Updated On: 24 January, 2025 08:20 AM IST | Mumbai | Rosalyn D`mello
By embracing spontaneity as part of my creative process, I found out that I relish my writing most when it is truly metabolic, emerging from a place of having internalised lived experience

The handwritten manuscript of my next book, Milking Time, in a cardboard box. I couldn’t believe that all these notes I had been making on what look like scraps of paper amounted cumulatively to at least 60,000 words. Pic/Rosalyn D’Mello
Last week I transcribed the last piece of handwritten text that was intended as the conclusion to my next book, Milking Time. It was strange to suddenly encounter my shoebox project as something digitised, converted from a Word document to a PDF file, easily accessible to anyone who might want to read it. I couldn’t believe that all these notes I had been making on what look like scraps of paper amounted cumulatively to at least 60,000 words. The eeriest feeling, however, was how impressed I felt by my own style. Most of the book had been written through 2023, and for the longest time, I was afraid of transcribing it because I couldn’t guarantee I would like what I had composed. As long as the notes were tucked away in the brown cardboard box, they were something I could feel proud of. But confronting them and transcribing each word meant that I had to contend with their worth. Could they be interesting to anyone other than me, was the biggest question on my mind.

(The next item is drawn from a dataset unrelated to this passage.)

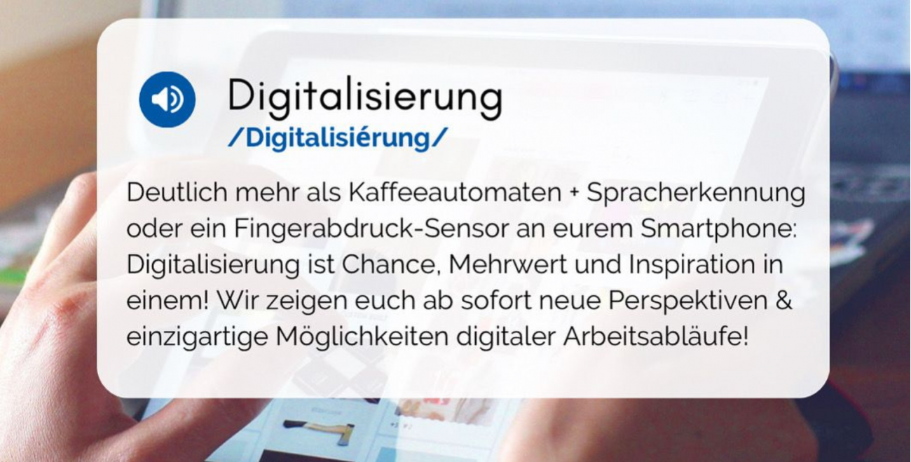 Digitalisierung bedeutet im Ursprung, dass die Aufgaben & Abläufe (im Business Kontext) mit Hilfe digitaler Prozesse vereinfacht werden und dadurch Zeit, Aufwand und unsere Ressourcen im Arbeitsalltag eingespart werden! Der Fokus liegt also auf cleveren neuen Prozessen, die uns die Möglichkeit geben, deutlich effizienter zu arbeiten! 🔝

At some point, however, it ceased to matter. External validation felt counterproductive and even redundant. What was important was that I sent the book out into the world and launch its trajectory. I never really had control over the book in any case, considering I had chosen to basically write it using the timespan of weekly instalments. Each week, from mid-January 2023, I would imprint my thoughts on borrowed office stationery using my ink pen. At some point I had the idea to do this over the course of 39 weeks, to mimic the period of time our firstborn was inside my womb, since it was a book about maternal subjectivity. I only wrote when I was able to find snatches of time in between the haze of early motherhood, which meant I rarely planned or plotted my thoughts. I allowed for a total free flow. I embodied that Clarice Lispector dictum: ‘I let myself happen’ on the page.